Length of Longest Fibonacci Subsequence

Description

A sequence X_1, X_2, ..., X_n is fibonacci-like if:

• n >= 3

• X_i + X_{i+1} = X_{i+2} for all i + 2 <= n

Given a strictly increasing array A of positive integers forming a sequence, find the length of the longest fibonacci-like subsequence of A. If one does not exist, return 0.

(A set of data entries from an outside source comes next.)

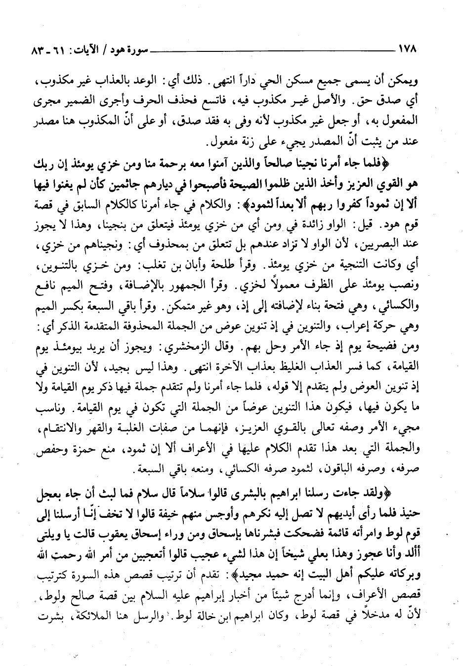 وَلَقَدْ جاءَتْ رُسُلُنا إِبْراهِيمَ بِالْبُشْرى قالُوا سَلاماً قالَ سَلامٌ فَما لَبِثَ أَنْ جاءَ بِعِجْلٍ حَنِيذٍ فَلَمَّا رَأى أَيْدِيَهُمْ لَا تَصِلُ إِلَيْهِ نَكِرَهُمْ وَأَوْجَسَ مِنْهُمْ خِيفَةً قالُوا لَا تَخَفْ إِنَّا أُرْسِلْنا إِلى قَوْمِ لُوطٍ وَامْرَأَتُهُ قائِمَةٌ فَضَحِكَتْ فَبَشَّرْناها بِإِسْحاقَ وَمِنْ وَراءِ إِسْحاقَ يَعْقُوبَ قالَتْ يَا وَيْلَتى أَأَلِدُ وَأَنَا عَجُوزٌ وَهذا بَعْلِي شَيْخاً إِنَّ هَذَا لَشَيْءٌ عَجِيبٌ قالُوا أَتَعْجَبِينَ مِنْ أَمْرِ اللَّهِ رَحْمَتُ اللَّهِ وَبَرَكاتُهُ عَلَيْكُمْ أَهْلَ الْبَيْتِ إِنَّهُ حَمِيدٌ مَجِيدٌ: تَقَدَّمَ أَنَّ تَرْتِيبَ قَصَصِ هَذِهِ السُّورَةِ كَتَرْتِيبِ قَصَصِ الْأَعْرَافِ، وَإِنَّمَا أَدْرَجَ شَيْئًا مِنْ أَخْبَارِ إِبْرَاهِيمَ عَلَيْهِ السَّلَامُ بَيْنَ قِصَّةِ صَالِحٍ وَلُوطٍ، لِأَنَّ لَهُ مَدْخَلًا فِي قِصَّةِ لُوطٍ، وَكَانَ إِبْرَاهِيمُ ابْنَ خَالَةِ لُوطٍ. وَالرُّسُلُ هُنَا الْمَلَائِكَةُ، بَشَّرَتْ
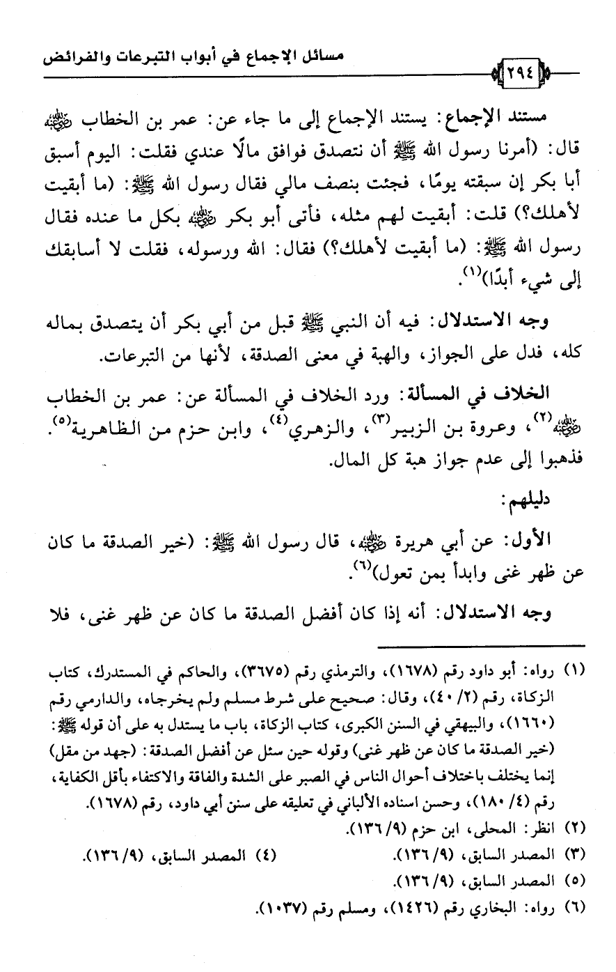 • مستند الإجماع: يستند الإجماع إلى ما جاء عن: عمر بن الخطاب -رضي اللَّه عنه- قال: (أمرنا رسول اللَّه -صلى اللَّه عليه وسلم- أن نتصدق فوافق مالًا عندي فقلت: اليوم أسبق أبا بكر إن سبقته يومًا، فجئت بنصف مالي فقال رسول اللَّه -صلى اللَّه عليه وسلم-: (ما أبقيت لأهلك؟ ) قلت: أبقيت لهم مثله، فأتى أبو بكر -رضي اللَّه عنه- بكل ما عنده فقال رسول اللَّه -صلى اللَّه عليه وسلم-: (ما أبقيت لأهلك؟ ) فقال: اللَّه ورسوله، فقلت لا أسابقك إلى شيء أبدًا) (¬1).
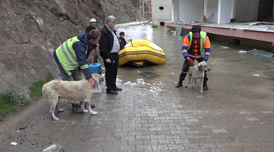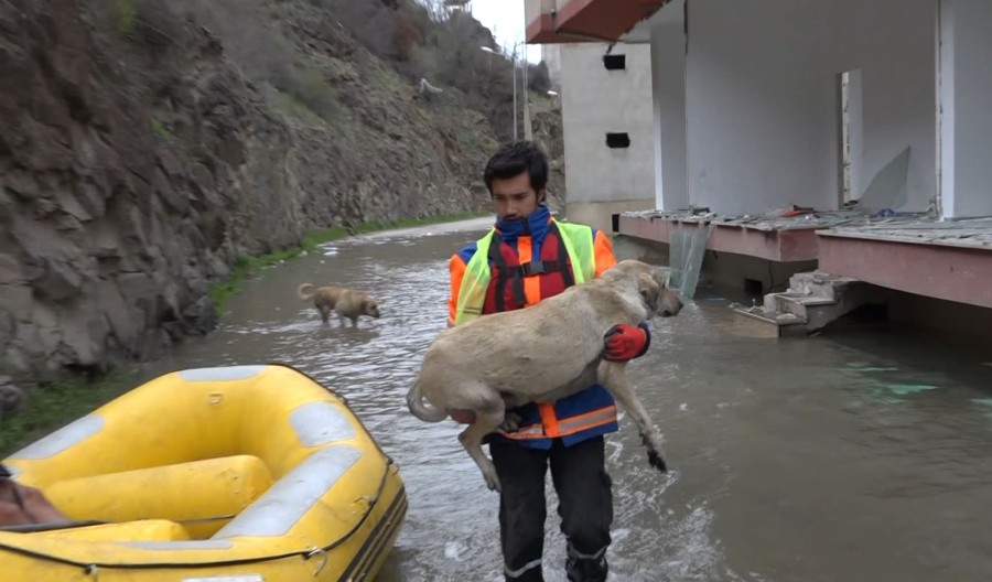 Kano federasyonunda sporcu olan İbrahim Yılmaz ise, "Haber alınca buraya geldik. Saatlerdir hayvanları kurtarmaya çalışıyoruz. Botlarla açılıyoruz. Binalar var aslında, onların arasından geçmek falan zor oluyor. Hava da soğuk ama her canlıyı kurtarana kadar devam edeceğiz" diye konuştu.
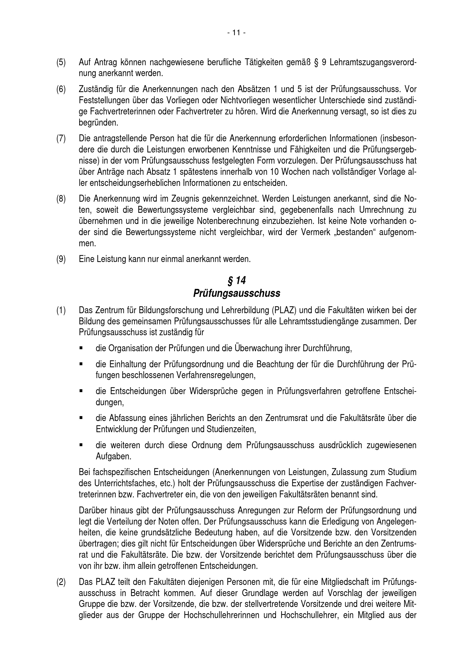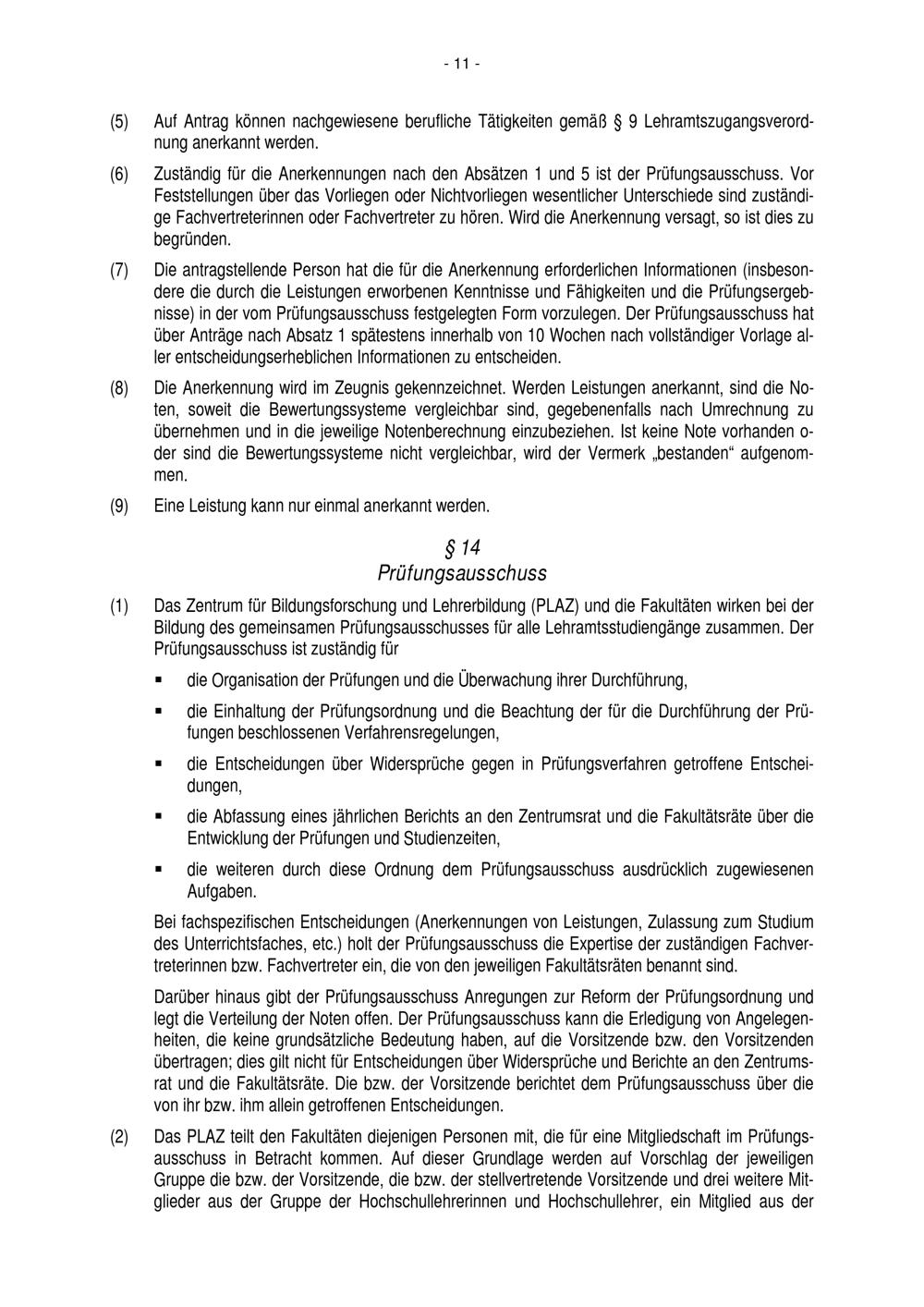 § 14 Prüfungsausschuss
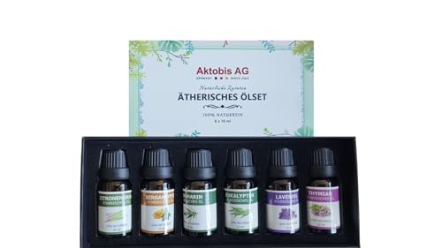 Aktobis eterisk olja, 100% naturlig, 6 x 10 ml, lavendel, timjan, eukalyptus, citrongräs, rosmarin och bergamott
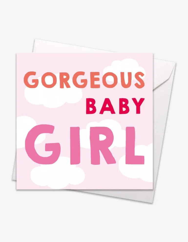 Our gorgeous baby girl card features our bold font on a background of pink sky and white fluffy clouds.
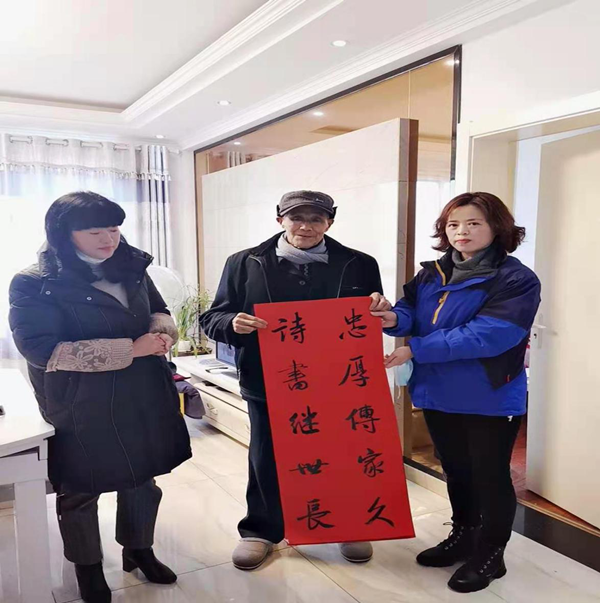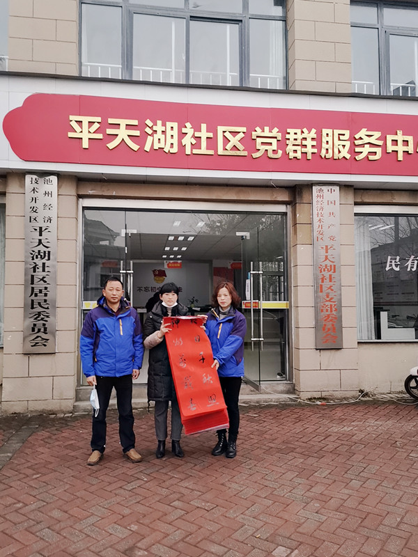 平天湖社區(qū)是供水公司多年文明創(chuàng)建共建單位,送春聯(lián)的第一站,施潔主席一行就選擇了和諧共建、關(guān)系融洽的平天湖社區(qū)。胡桂珍書記她們?cè)缭绲卦陂T口迎接,熱情洋溢地表達(dá)對(duì)公司的感謝和共建愉悅之情。“供水公司太有心了,每年都請(qǐng)人手寫對(duì)聯(lián),送到我們社區(qū),社區(qū)居民有福了,大家都很喜歡這手寫對(duì)聯(lián),感謝供水公司愛(ài)心!,胡書記如是說(shuō)。
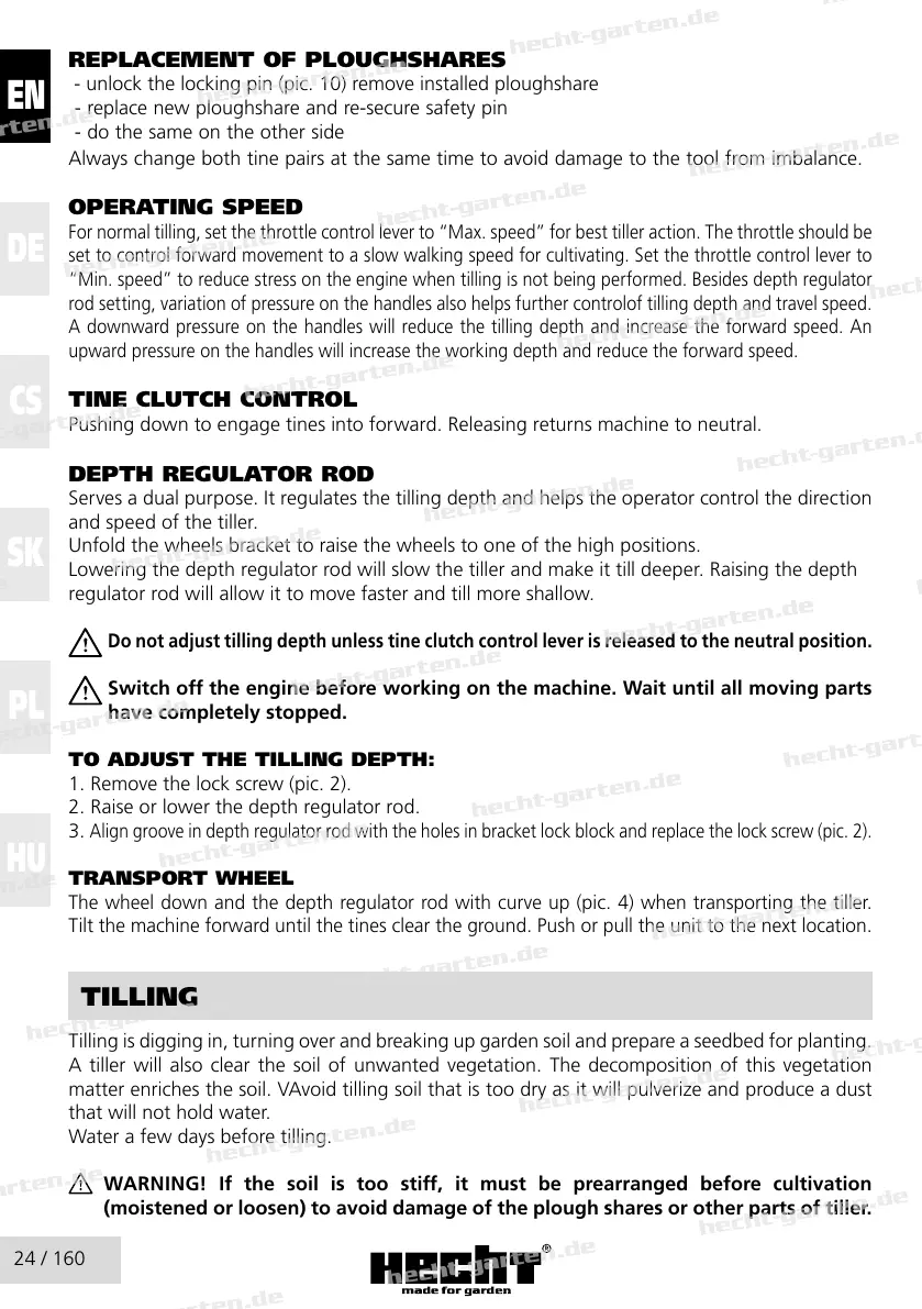“Min. speed” to reduce stress on the engine when tilling is not being performed. Besides depth regulator
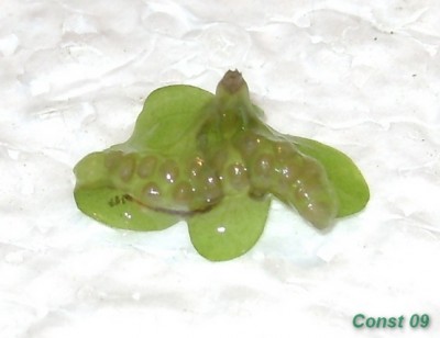 Как-то познакомился с постом на аквасайте, где автор утверждал, что плащеноски весьма часто встречаются в прудах в черте Петербурга. У меня выход молоди очевидно, близок к логическому концу. Очень хорошо видны уже маленькие моллюски всего в кладке насчитал 17 яиц. (см. фото). Если повезет, попробую зафиксировать сам процесс.
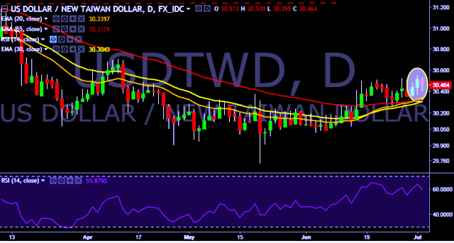 We prefer to take long position in USD/TWD around 30.45, stop loss at 30.24 and target of 30.90.
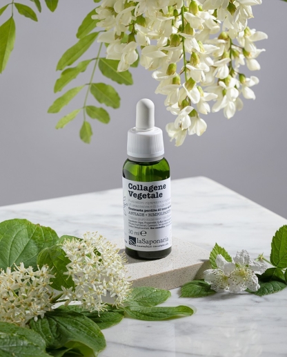 Il Collagene Vegetale fornisce alla pelle le proteine e il supporto di cui ha bisogno per contrastare i segni del tempo, idratandola e proteggendola dagli agenti esterni. Questo puro attivo naturale nasce dalla combinazione di due estratti ottenuti dal frutto di Kigelia Africana e dalla corteccia della Quillaja Saponaria, ricchi rispettivamente di peptidi e di flavonoidi e che, una volta entrati in sinergia, sprigionano le loro potenti azioni elasticizzanti, tonificanti e liftanti. Infatti, oltre a nutrire e riparare la pelle, questi preziosi attivi conferiscono un naturale effetto tensore immediato.
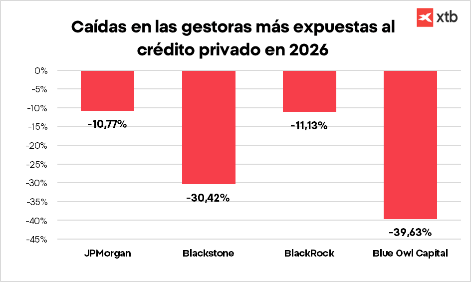 Blue Owl Capital, con una caída cercana al 40%, y Blackstone, con descensos de alrededor del 30%, lideran las pérdidas. Cuando el mercado teme impagos o reembolsos masivos estas firmas son las primeras en sufrir porque su modelo está casi totalmente ligado a ese negocio.

(Recall that a subsequence is derived from another sequence A by deleting any number of elements (including none) from A, without changing the order of the remaining elements. For example, [3, 5, 8] is a subsequence of [3, 4, 5, 6, 7, 8].)

Example 1:

Input: [1,2,3,4,5,6,7,8]
Output: 5
Explanation:
The longest subsequence that is fibonacci-like: [1,2,3,5,8].

Example 2:

Input: [1,3,7,11,12,14,18]
Output: 3
Explanation:
The longest subsequence that is fibonacci-like:
[1,11,12], [3,11,14] or [7,11,18].

Note:

• 3 <= A.length <= 1000

• 1 <= A[0] < A[1] < ... < A[A.length - 1] <= 10^9

Solution

Both the time complexity and the space complexity are $O(n^2)$.

class Solution {
public:
    int lenLongestFibSubseq(vector<int>& A) {
        int n = A.size();
        // dp[j][i]: length of the longest Fibonacci sequence ending with (A[j], A[i]).
        vector<vector<int>> dp(n, vector<int>(n));
        unordered_map<int, int> num2idx;
        for(int i = 0; i < n; ++i){
            num2idx[A[i]] = i;
        }
        int len = 0;
        for(int i = 1; i < A.size(); ++i){
            for(int j = 0; j < i; ++j){
                int a = A[i] - A[j];
                int b = A[j];
                int c = A[i];
                // check whether there is a k such that
                // k < j < i and (A[k], A[j], A[i]) is fibonacci-like
                if(a >= b){
                    // not possible to find A[k] because A[k] < A[j]
                    dp[j][i] = 2;
                }else{
                    auto it = num2idx.find(a);
                    if(it != num2idx.end()){
                        dp[j][i] = dp[it->second][j] + 1;
                        len = max(len, dp[j][i]);
                    }else{
                        dp[j][i] = 2;
                    }
                }
            }
        }
        return len;
    }
};